I think there is too much of a guilt trip put on people when they even consider rehoming a dog, and I think it isn't necessarily a good thing. No, we should not think of dogs as disposable, but if we have had the dog and we are just not connecting with the dog, it may be better to find the critter a new situation, because someone else may connect with that dog, and the dog will then have a shot of having a good life.


----------



## zyppi (Jun 2, 2006)

Yep... no fun when the dog is walking you.

Been there.

Several techniques that might be helpful. 

First, when your dog forges ahead, turn and go the other direction. Do this again and again until you're dizzy and the pup realizes that being in front is fruitless.

Next get someone to help you with a prong collar and it's proper fit and useage. 

Leerburg Dog Training | How to Fit a Prong Collar

It doesn't work by itself and should never be used as a 'tug' solution. The idea is to give short but meaningful "jerks" . A flick of your wrist should do. Research them. N

I teach my dogs a reliable down stay and when distractions come our way, I test their ability to control themselves when in a down. It works. 

Good luck and know that we've all learned by doing.


----------



## Dunkirk (May 7, 2015)

What is her behaviour like at home indoors? Is she calm and relaxed, or busy?


----------



## scotton86 (Aug 31, 2015)

Wow! I am so overwhelmed and thankful for everyone's help and advice. You have seen a damsel in distress and I'm so grateful you all took the time to stop, look and reply. Thankyou. 

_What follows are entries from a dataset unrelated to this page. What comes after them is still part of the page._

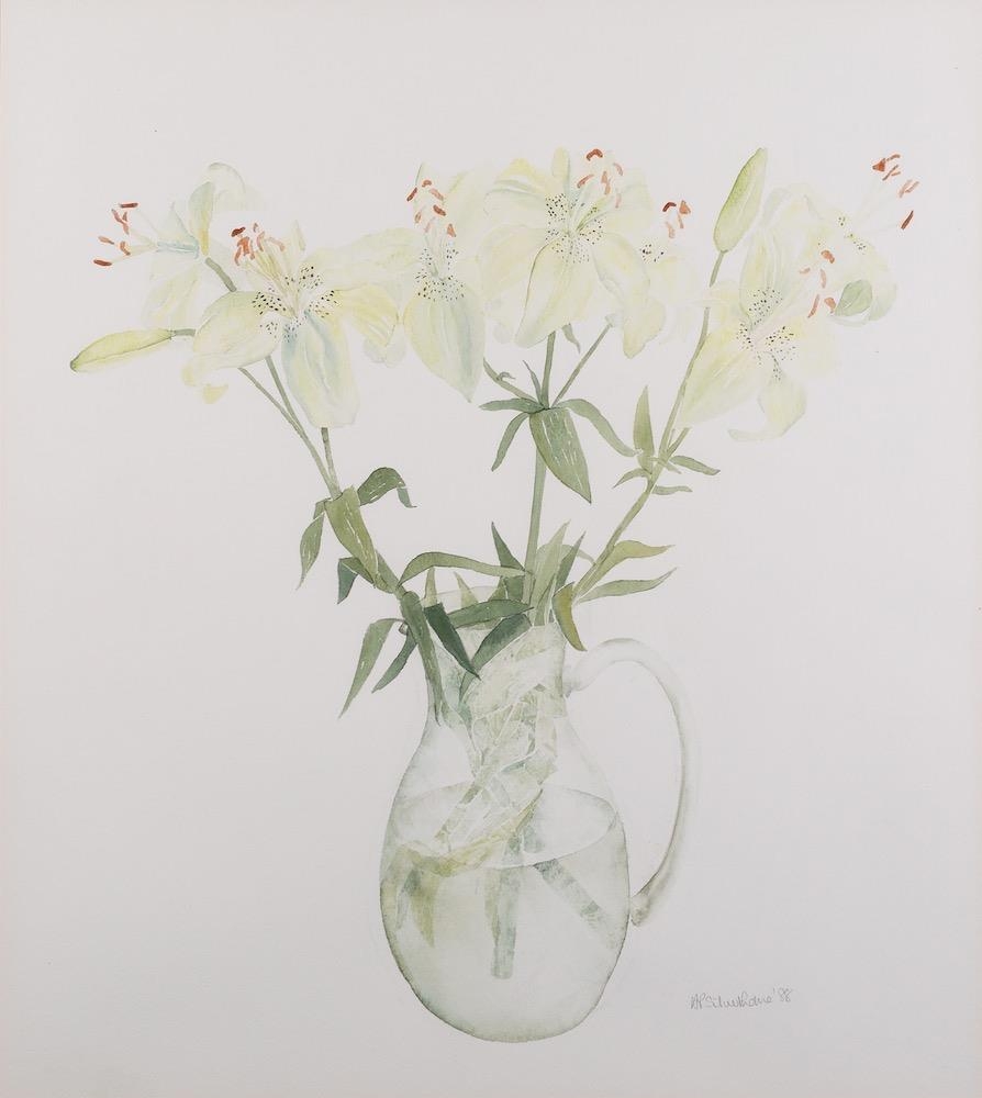 Penelope 'Penny' Silverthorne (British, 20th Century) Lillies in a Vase Watercolour on Card 43 x 50 cm Signed and dated '88 lower right
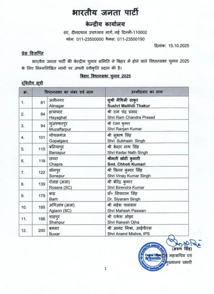 पटना/जनमत न्यूज़:- बिहार विधानसभा चुनाव 2025 को लेकर भारतीय जनता पार्टी (BJP) ने अपने प्रत्याशियों की दूसरी लिस्ट जारी कर दी है। इस सूची में कुल 12 उम्मीदवारों के नाम शामिल हैं। खास बात यह है कि कुछ दिन पहले ही बीजेपी में शामिल हुईं लोकगायिका मैथिली ठाकुर को अलीनगर विधानसभा सीट से टिकट दिया गया है।
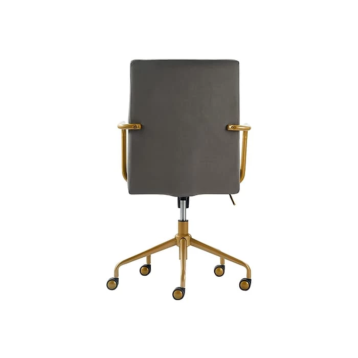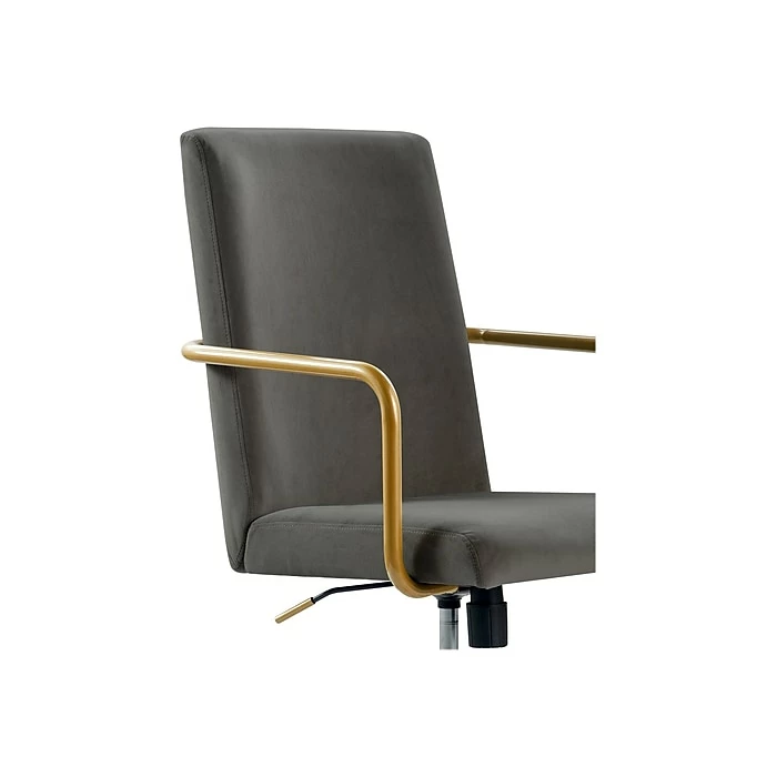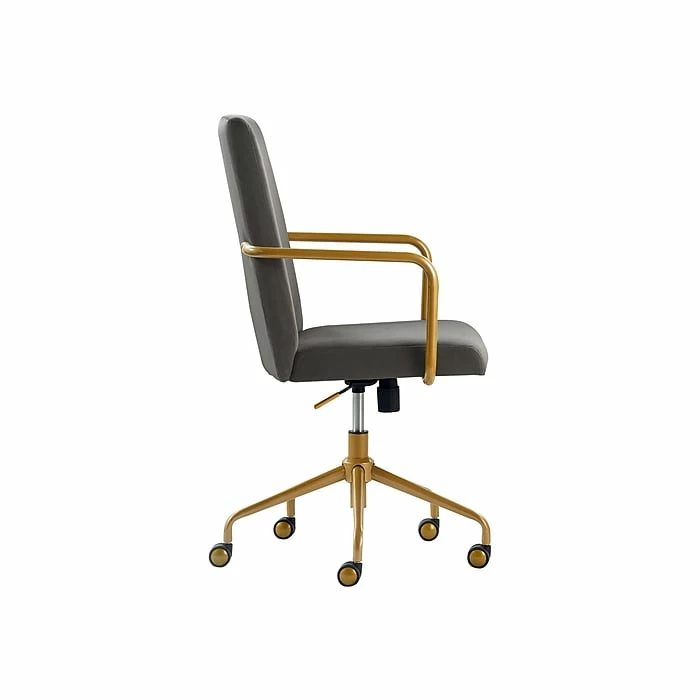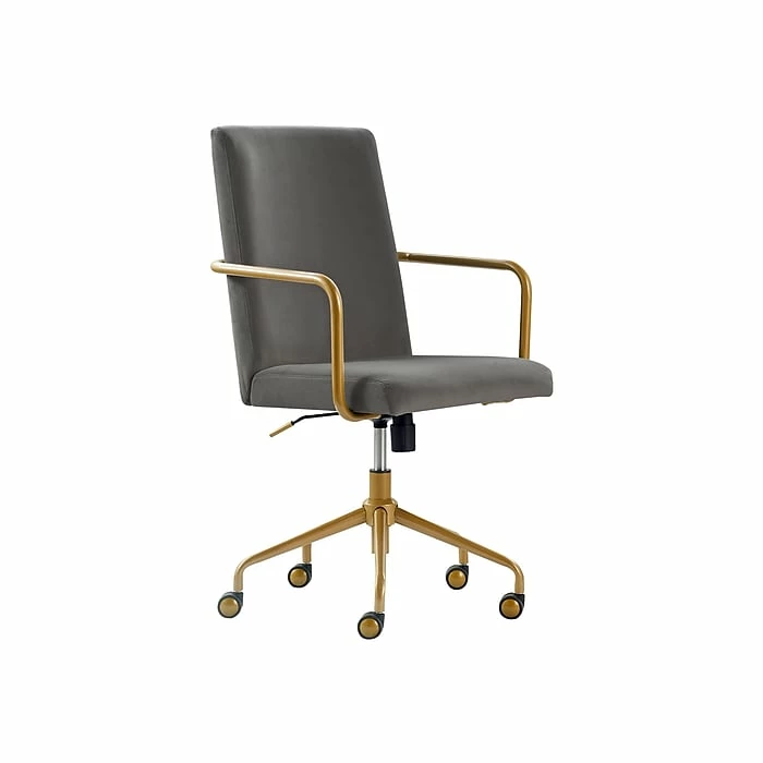 Turn your office space into a creative space with the Elle Decor Giselle desk chair. Chic and modern, this computer chair is decked head to toe with cool features. Its mid-century modern design features lustrous, gold metal trim on the arms, base, and wheels. Its butter-soft velvet fabric and high back will make you feel like an executive while the ergonomic seat cushion will keep you comfortable. Cute and versatile, this office chair adds a touch of elegance to any home office, teen girl’s bedroom, or dorm.
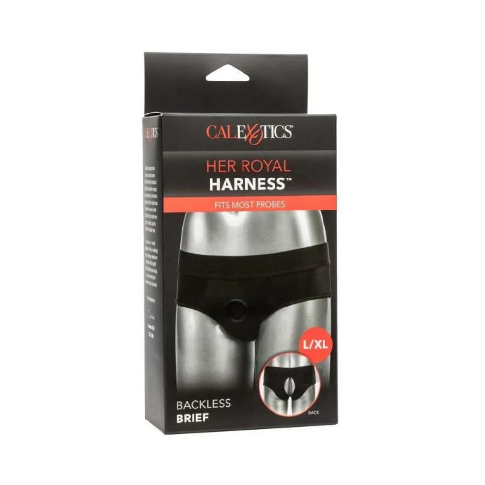 The Her Royal Harnessandtrade; Backless Brief is an ultra-comfortable harness fashioned like a risquandeacute; backless brief with powerful performance and comfort in mind. This bold harness has an extra-wide waistband, soft stretchy fabric and reinforced O ring for the ultimate support. The durable, reinforced O-ring stretches to accommodate your favorite probe, packer, vibrator or dildo. With a form-fitting design, this comfort harness can be worn discreetly under clothes. Enjoy pleasure made for two with the double panel interior for easy access to your favorite probe. Beginners and expert users alike will love frustration-free pleasure with this easy-to-wear harness. Simply secure your favorite probe, slip into the bold backless brief and dive deep into passionate penetration or enjoy comfortable all-day wear. Enjoy easy clean up by machine washing and hanging to dry. Size Large to Extra Large.
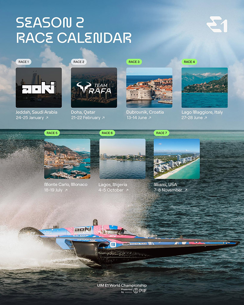 U Dubrovniku će početi s nestrpljenjem očekivani europski dio natjecanja E1. Nakon ovog vikenda prvenstvo će biti postavljeno na prekrasnim vodama Lake Maggiorea, prije nego što se vrati u znameniti dom utrkivanja - Monaco. Ova će serija natjecanja zatim prvi put biti održana na afričkom kontinentu, gdje će živahne obale Lagosa biti domaćin pretposljednje utrke u sezoni 2025. godine.
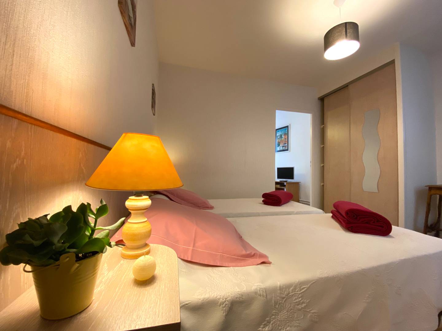 Très ensoleillé, cet appartement se compose d’un séjour avec une télévision et un clic-clac, d’une chambre (2 lits d’une personne), d’une cuisine indépendante toute équipée (avec réfrigérateur-congélateur, four, micro-ondes) et d’une salle de bain avec une douche à l’italienne, lavabo et W-C. Il est orienté plein sud. Un balcon. L’accès(…)
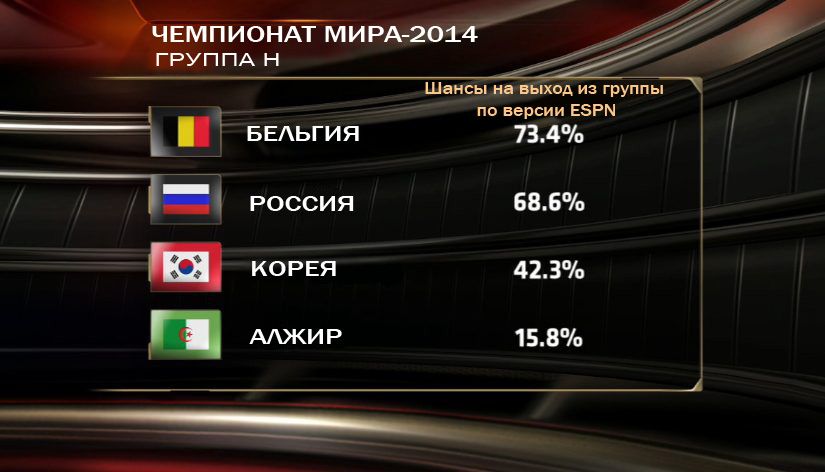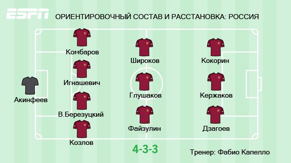 Ориентировочный состав и расстановка России по версии ESPN (4-3-3): Акинфеев – Козлов, В. Березуцкий, Игнашевич, Д. Комбаров – Файзулин, Глушаков, Широков – Дзагоев, Кержаков, Кокорин. Без Денисова и с Дзагоевым.
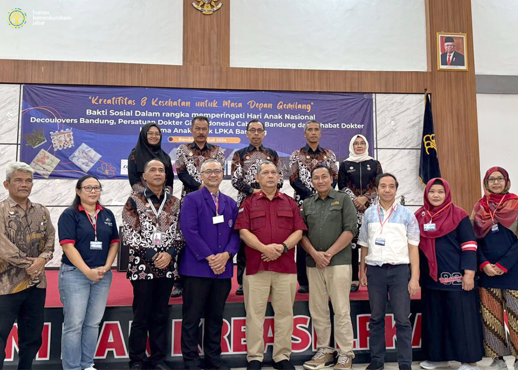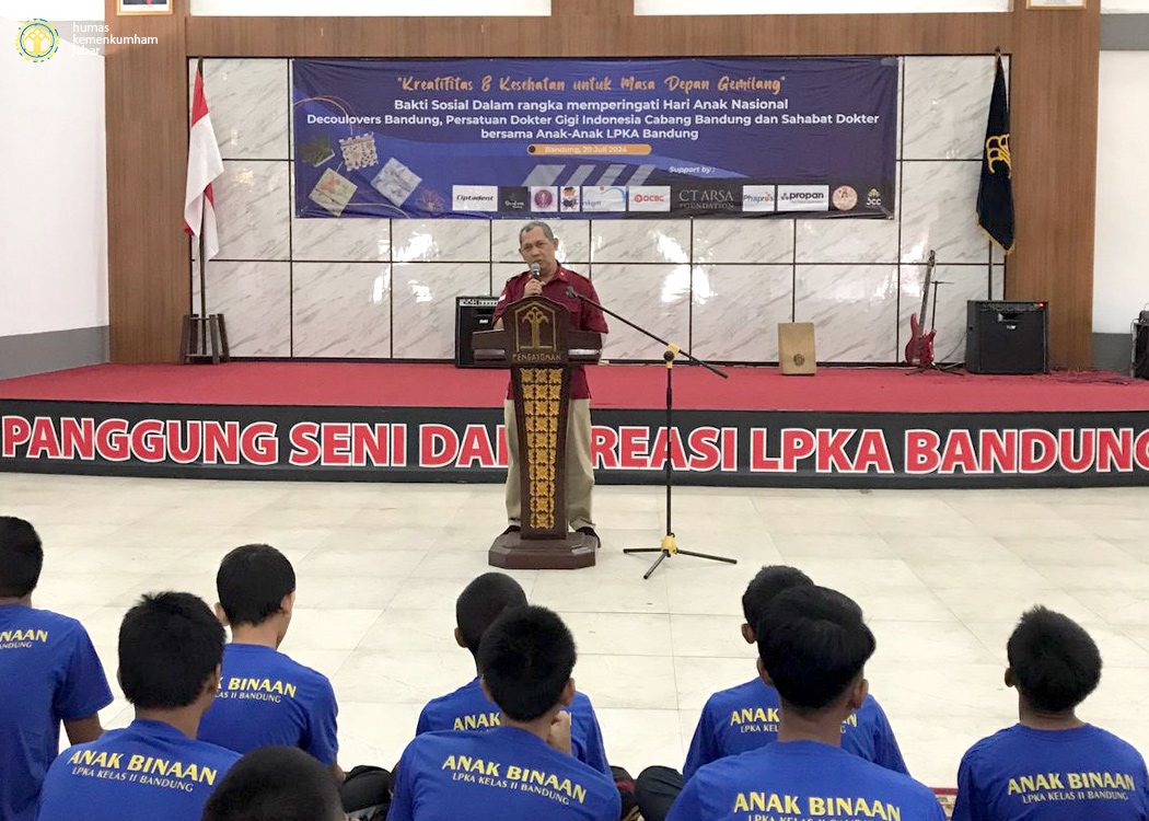 BANDUNG - Dalam rangka memperingati Hari Anak Nasional, Kepala Divisi Pemasyarakatan Kantor Wilayah Kementerian Hukum dan HAM Jawa Barat (Kadivpas Kanwil Kemenkumham Jabar) Robianto menghadiri Pembukaan Kegiatan Bakti Sosial yang diselenggarakan oleh lembaga Pembinaan Khusus Anak (LPKA) Bandung bekerja sama dengan Decoulovers Bandung, Persatuan Dokter Gigi Indonesia Cabang Bandung dan Sahabat Dokter (Sabtu, 20/07/2024).

There's a lot to reply to, so I'll do my best. 

I am definitely happy to seek the advice of a trainer now. I took her to some GSD puppy classes when she was younger, however I moved out of the area shortly afterwards and couldn't find anything comparable in my new area. I live near Winchester, UK. If anyone is able to recommend anyone (I am willing to travel and pay whatever it costs!) I would be really grateful. 

I try to tire her out with 2 tennis balls and the 'chucker', and it seems to work. By the end of the walk she is lying on the grass panting away with a big smile  The walk home is so much more bearable, though still ramps up if another dog approaches. I even managed to grab her attention back to me with the lure of the tennis ball the other day. A breakthrough in my attempts so far, but I tried it again on the walk TO the park the following day and she was just too excited to pay attention to me at all. 

I will certainly look into 'Bikejoring' though I feel I need to do a lot of work on basic obedience first. She's a little one at around 26kg... maybe it would be too much for her?

Steve Strom - Thankyou, great suggestion. I would feel bad for not taking her for a run though, but as others suggest I might try and tire her out 'mentally' at home too. I need to nail the basics. 

MadLab- I will have a look at that video and give your suggestions a try. 

A common theme seems to be the prong collar. I would have recoiled in horror at that, however a good number of people seem to be singing their praises. I will do my research, thankyou all for the suggestion. 

Chip 18 - Thankyou for the videos, I will watch avidly!

Unfortunately food is not Beau's thing at all. I tried rewarding good behaviour with bits of her kibbles, cheese, ham (without her having had a meal before the walk) and you can place it right by her nose and she'll snub it. I think the tennis ball might be the key here... 

Dunkirk- At home my dog is calm, relaxed, loving, obedient and the love of my life. She knows when I'm upset, she is tuned in to 'me' and is receptive to things I try and train her (though things seem to take a LOT of repetition, I'm not convinced she's all that intelligent..!). She's great with people, loves spending time with other dogs and gives the BEST cuddles. 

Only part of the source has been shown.